How to make your content viewable in an RSS feed

The documentation I never found

April 24, 2021


I only recently was able to get my RSS feed at a state where my content is readable within an RSS reader, this is because I don't use any form of static site generator, instead I update everything manually and only recently learned how to do it. I figured I'd write a brief guide on how to do it for anyone who updates their manually like I do or for anyone interested in writing their own static site generator.

The bare minimum

The heading of your document

An RSS feed is simply an XML file so it is formatted as such. The first tag is should specify that it is an RSS feed along with the version of RSS used (version 2 is what I use I have no idea if this is the most recent version but it works for me), everything is contained within the RSS tag. Next is the channel tag, there's not much special about it other than it also wraps around everything in the document.
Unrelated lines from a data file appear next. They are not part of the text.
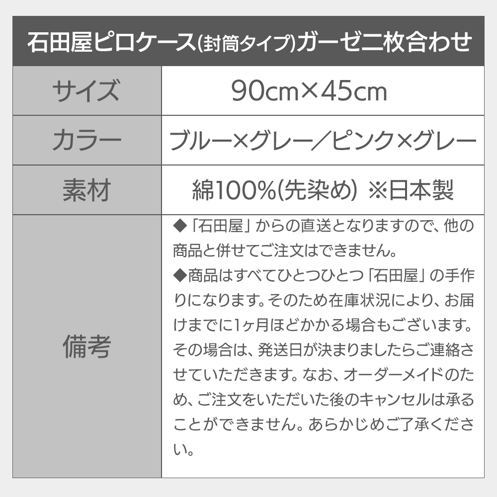 石田屋 ピローケース(封筒タイプ)ガーゼ二枚合わせ
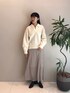 ボンディング素材で程よい厚みとハリが心地よいポロトップス。ゆとりはあるものの、着丈のバランスですっきりとした印象に。 秋から春と長く使えるのも嬉しい♪ スカートはウエスト周りにフィット感があり、足先にかけて動きのあるシルエット。総柄ですが、白は上品にまとまります。お仕事と兼用でお召しいただけそうです♡
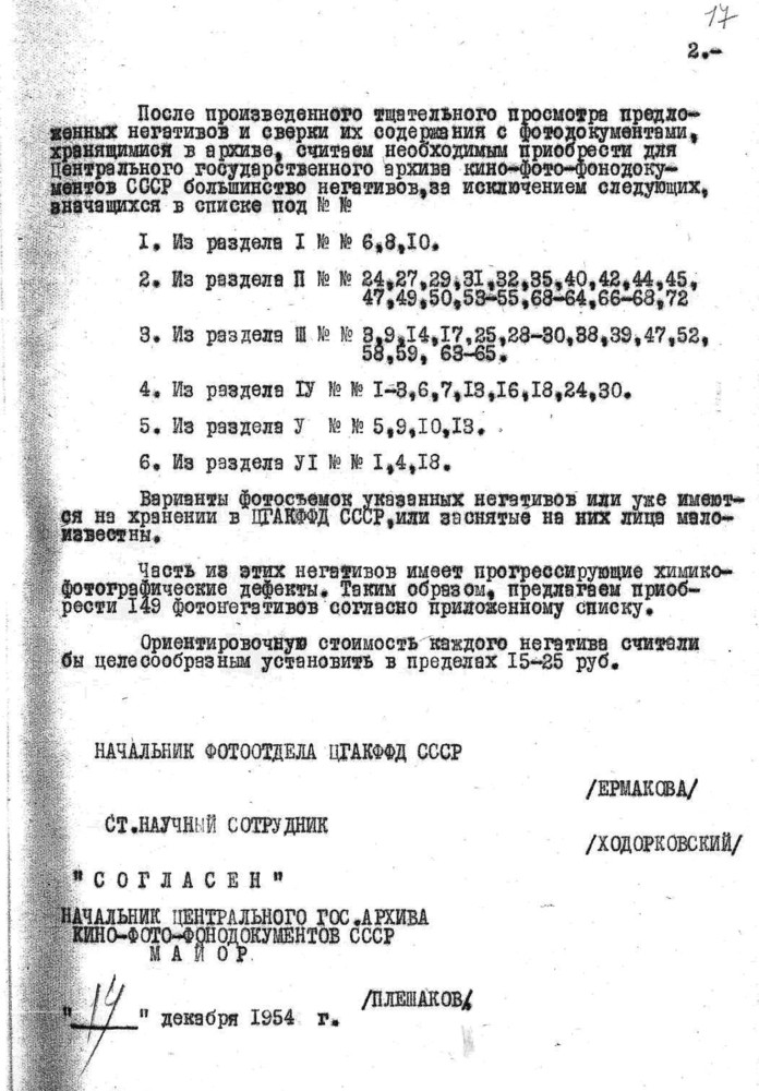 Учитывая, то, что данный материал кроме исторического имеет еще и большое художественное значение и, что подобного материала в архиве нет, прошу Вас разрешить произвести отбор наиболее ценных фотонегативов и ассигновать архиву в ноябре с.г. на приобретение этих фотодокументов на сумму 4000–5000 руб.».
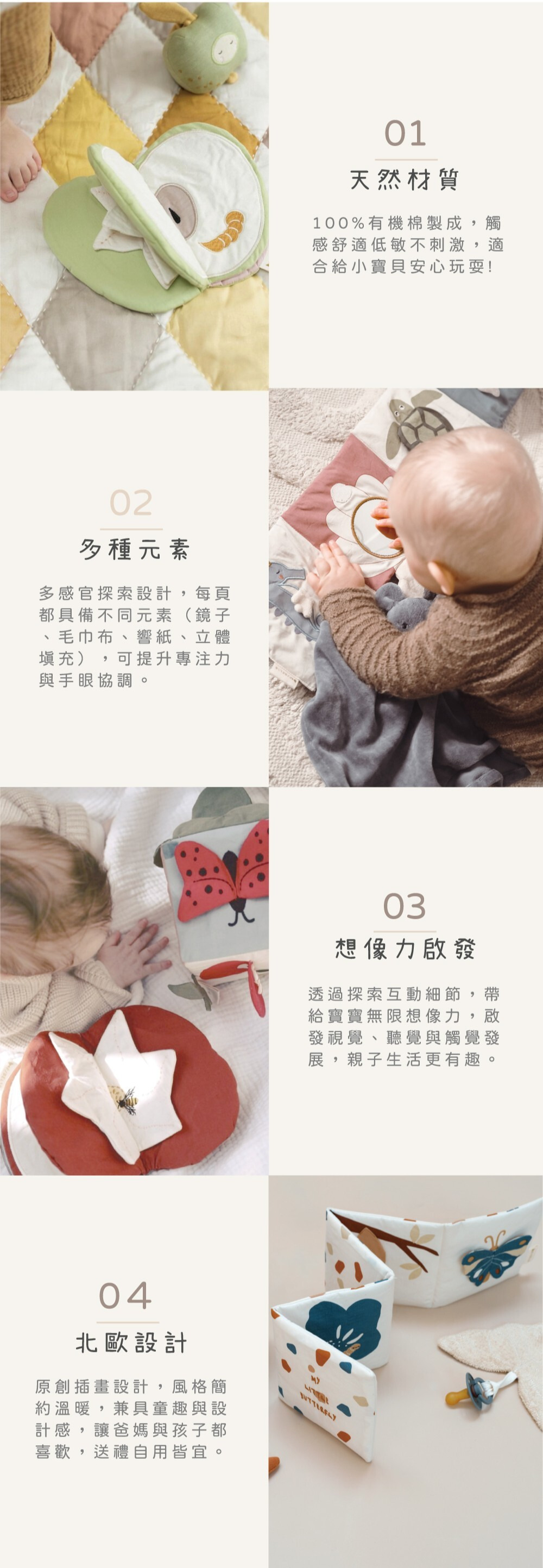 親子互動就靠這一本! 100%有機棉製成,色彩柔和、觸感舒適,逗趣的圖案搭配嚮紙,每次翻頁都吸引寶寶的注意力,促進寶貝感官發展,淺顯易懂的可愛小故事,讓寶貝在樂趣中學習的更開心,一起享受美好的親子時光!
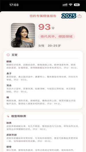 2. 专属颜值报告系统:平台生成AI之镜多维度颜值报告,包含AI之镜魅力值评估、AI之镜气质类型分析和AI之镜风格倾向诊断。通过AI之镜大数据对比和AI之镜美学标准参考,提供详细的AI之镜改善建议和AI之镜优势突出方案,帮助用户全面了解自身特点,发现独特魅力。
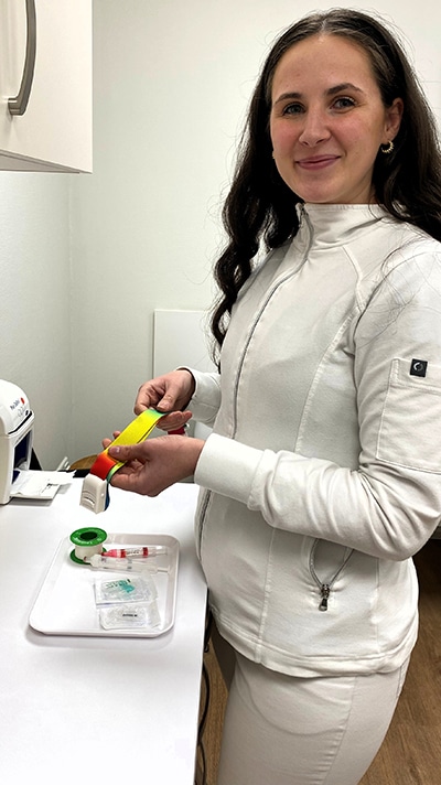 Im MVZ ist sie die frisch gebackene Medizinische Fachangestellte aktuell vor allem im Labor sowie in der Anmeldung im Einsatz. Darüber unterstützt sie die Ärztinnen und Ärzte. Die Abwechslung und Vielseitigkeit schätzt Sandra Keska sehr an ihrem Beruf – und auch über ihr Team kann sie nur Gutes berichten. „Ich verstehe mich super mit meinen Kolleginnen und Kollegen und fühle mich hier sehr wohl.“ Mit der abgeschlossenen Ausbildung hört das Lernen für sie aber nicht auf. Sie arbeitet schon an ihrer Weiterbildung zur Heilpraktikerin.

You should use the title and link tags to specify the title of your feed and the link to your website.

Items

Each update on your RSS feed is contained within an item element. New items are what your RSS reader looks for when it refreshes. There are a few things which should be within each item.

Title

Obviously each item should have a title, this is again used with the title tag.

Link

More important than the title of your content is its link. The whole point of an RSS feed is to give links to new content so every item should have a full URL to the new content within a link element.

Making it better

As was implied by the heading, the last section only covered the bare minimum. If you do those things you will have a functioning RSS feed, but it will not really be complete. There are two more things that should be added to make your RSS feed actually useful.

pubdate

You should always specify when a new piece of content was published, this is done with the pubdate tag. If you want within this tag you can specify the date right down to the millisecond and it will work, but that is a bid overkill. I just type the date into there just like it is formatted at the top of this page.

The content

The description element is where you put your actual content, but you can't just put straight HTML in there, first you have to open it by typing <![CDATA[ and then adding your HTML and closing that off by typing ]]>. Do I know exactly what that thing means or really does? No not really, I just know that it lets your HTML show up correctly and that's really all I care about here

Images

You can also specify an image to be shown as a thumbnail to your content, I don't do this because, well . . . look around, I don't use images here very often, my RSS reader also doesn't support images so I don't miss them. But if you want them to be in yours I'll let you try to figure that out.

What I do

I will admit that this probably isn't the world's most helpful tutorial (buts it's better than anything I ever found). I suggest taking a look at my RSS feed to better understand this. Different browsers react differently when opening an XML file so I don't know exactly what you will be shown in every circumstance, but Brave will open it and format it in a very readable fashion. Get Brave then open my RSS feed with it and you'll see all the stuff I described here is easier than I probably made it sound.

You'll even notice that I have a template for a new item within a comment near the top of the document, I highly recommend giving yourself a similar template to make your life easier (I messed up my RSS feed several times before I started using one). Anyways now that I've taught you how to make a good RSS feed you and I both no longer have an excuse to have RSS posts which lack content.